Поэтому, наверное, так мало запомнилось фраз, выражений. Но в том, чем мы теперь живем, очень много Павкиного.


Пишет Сергей [Наровчатов]: «Гибель Павла потеря непоправимая, но тем прочнее мы должны держаться вместе, тем дальше пройти по “широкой литературной дороге”».


Был он резкий, несговорчивый, упрямый, нетерпимый. В споре мог обидеть, рассориться. Потом, конечно, жалел. Но без спора жить не мог. Любил быть первым, вожаком, предводителем. И многие перед ним благоговели. Он мог создать себе кружок, где его чтили бы как бога. Он этого не сделал. Он предпочел дружбу равных. И всегда был хранителем нашего равенства. Он умел ради общего дела многое побороть в себе. Хотя и было трудно. Он кричал, возмущался, но не рисковал нашей дружбой.

‹…›

Помню, как писался «Владимир Рогов». Зимой 40-го года Павел писал мало. И все мы были чем-то в себе недовольны. Что-то новое вызревало и мучило. Но как-то еще не укладывалось в стихи.
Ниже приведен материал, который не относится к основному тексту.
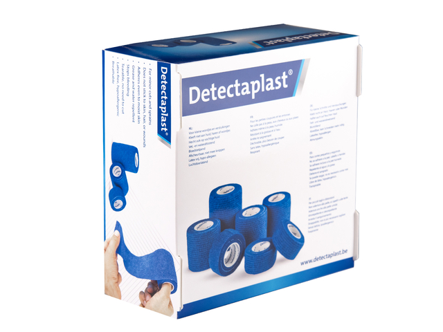 * Zelfhechtend verband, blauwe kleur, volgens HACCP, BRC, voor langdurige en betrouwbare druk, vervaardigd uit een poreus, non-woven polyester materiaal dat enkel aan zichzelf kleeft en niet aan de huid of de haren, kan afgescheurd worden op maat, geen schaar nodig, water- en vetafstotend.

Весной нас пригласили в Дом пис[ателей] на семинар тамошних молодых. Наша цитадель была в «Художественной литературе». Мэтром – Сельвинский.

Из «тех» читали П. Железнов[93], Кедрин[94], А. Коган[95] – самый скверный поэт в Союзе. Стихи были так плохи, что решили их не обсуждать. Нас критиковали, но косясь на Сельвинского. Все понимали, что есть о чем говорить.
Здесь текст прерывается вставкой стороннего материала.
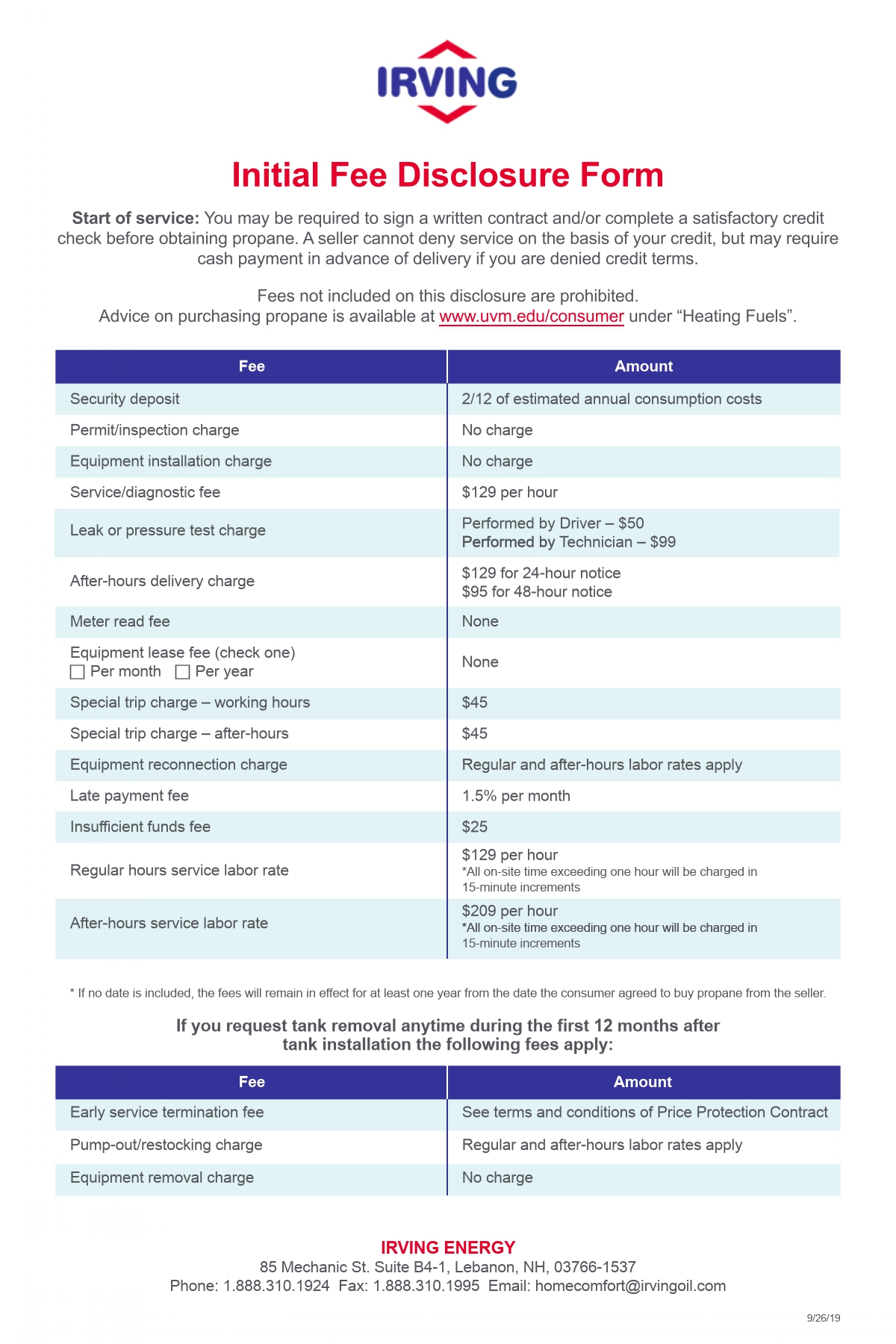 Fees: Applicable fees related to your propane service are detailed in the Irving Energy Fee Disclosure Form included at the end of this Agreement.

Там же, в Домписе, Павка завел нас в уголок и прочел отрывок: часть будущего монолога Олега. Он сам еще не знал, что из этого выйдет. Мы тоже как-то пропустили его мимо ушей.

Осенью была готова 1-я глава поэмы.

Павел был болен. Мы собрались вчетвером в крошечной комнатушке за кухней – И. Рабинович[96], Борис[97], Сергей[98], я. Кажется, кто-то еще. Павел лежал худой, небритый на диване.
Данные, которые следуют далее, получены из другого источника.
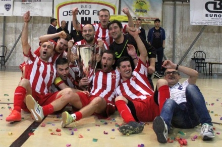 Osimo, 23 maggio 2017: Dopo diciassette anni una squadra di Filottrano torna a trionfare in una competizione Sportware e il merito è tutto del Filottrano Futsal Five (foto) che, in finale di Coppa, supera per 5 a 3 il Vt Osimo, assente sul gradino più alto del podio dalla doppietta del 2014, regalandosi una serata da consegnare alla storia. Al Pala Manuali di Osimo, infatti, i biancorossi giovano una finalissima tutta cuore e, al termine di continui sorpassi e contro sorpassi, alzano al cielo la coppa dell'orgoglio filottranese. Il Futsal Five parte forte e dopo soli 47 secondi trova il vantaggio con Tantucci che realizza in diagonale. Il VT Osimo, però, ha grinta da vendere e trova l'uno-due in rimonta che chiude il primo tempo. Prima pareggia, all'undicesimo minuto con Riderelli che, in scivolata, anticipa il portiere in uscita e realizza. Quindi, un minuto dopo, trova il contropiede micidiale con Iaconeta che trova la rete e mostra una maglietta celebrativa da brividi: L8, in onore a Lorenzo Manuali, ricordato prima del fischio iniziale con un commovente minuto di silenzio. Nella ripresa, però, il Filottrano Futsal Five trova il pari dopo soli due minuti: gran tiro da fuori di Coppari e nuovo equilibrio. Vt Osimo stordito e al quarto minuto arriva il nuovo sorpasso biancorosso: Cardoni raccoglie la sfera dopo un palo colpito da fuori area e realizza in tap-in. Ma il match è incerto fino alla fine e al decimo gli osimani pareggiano di nuovo con Ravaglioli che, in scivolata, anticipa l'estremo difensore e realizza. Ma il nuovo pari dura solamente sessanta secondi con Ombrosi che si invola e scaglia un gran diagonale che trova il 4-3 e riporta avanti il Filottrano F.F. La sfida è accesa ma corretta e, in pieno recupero, vive gli ultimi sussulti. Al 27esimo tiro dai dieci metri per Coppari che realizza: 5-3. Sembra finita ma va al tiro libero anche il Vt Osimo che, però, con Ravaglioli si fa respingere la conclusione, prima del triplice fischio finale che sancisce il trionfo filottranese.

Читал немного глуховато, рубя рукой. Очень понравилось. В следующие читки – еще больше. Это был катехизис. За лето многое утряслось. Поэма была – внутренний спор в нас самих, вышедший наружу, ставший стихами.

Она положила начало какой-то новой серьезности. Мы почувствовали свою силу.

Читающие нас студенты приняли ее с восторгом. Еще не готовая, она ходила по частям в списках.

Сельвинский сказал: такие вещи пишутся раз в десятилетие. Хотел напечатать отрывки. Но не пустили.

Пишущая братия вообще приняла холоднее, кроме Зелинского[99], Агапова[100], еще немногих.

На дебюте в Д[оме] п[исателей] поэма не понравилась. Брики[101] тоже не восторгались. Не было формальной заковыки.

Но у нас была и осталась чудная уверенность в себе. Мы вполне полагались друг на друга. И были рады лишь тогда, когда встречали одобрение у себя, среди «равных».

Не помню, кто первый сказал: «Мы – поколение сорокового года». Это было после Финской войны и с тех пор стало термином, обозначающим «нас».


Слуцкий любит психологические эксперименты. Если бы кто-нибудь из нас умер, какую бы икону сотворили из него остальные, какую бы создали легенду!.. Ему как будто жалко, что никто из нас не умер, все-таки интересно, что из этого получится.


25.06

Упорядочить планы[102].

1. Роман «Поколение сорокового года».

2. Эстетика.

3. Маленькая трагедия (о подлеце).

4. «Суды». Осюжетить? Вообще создать каркас.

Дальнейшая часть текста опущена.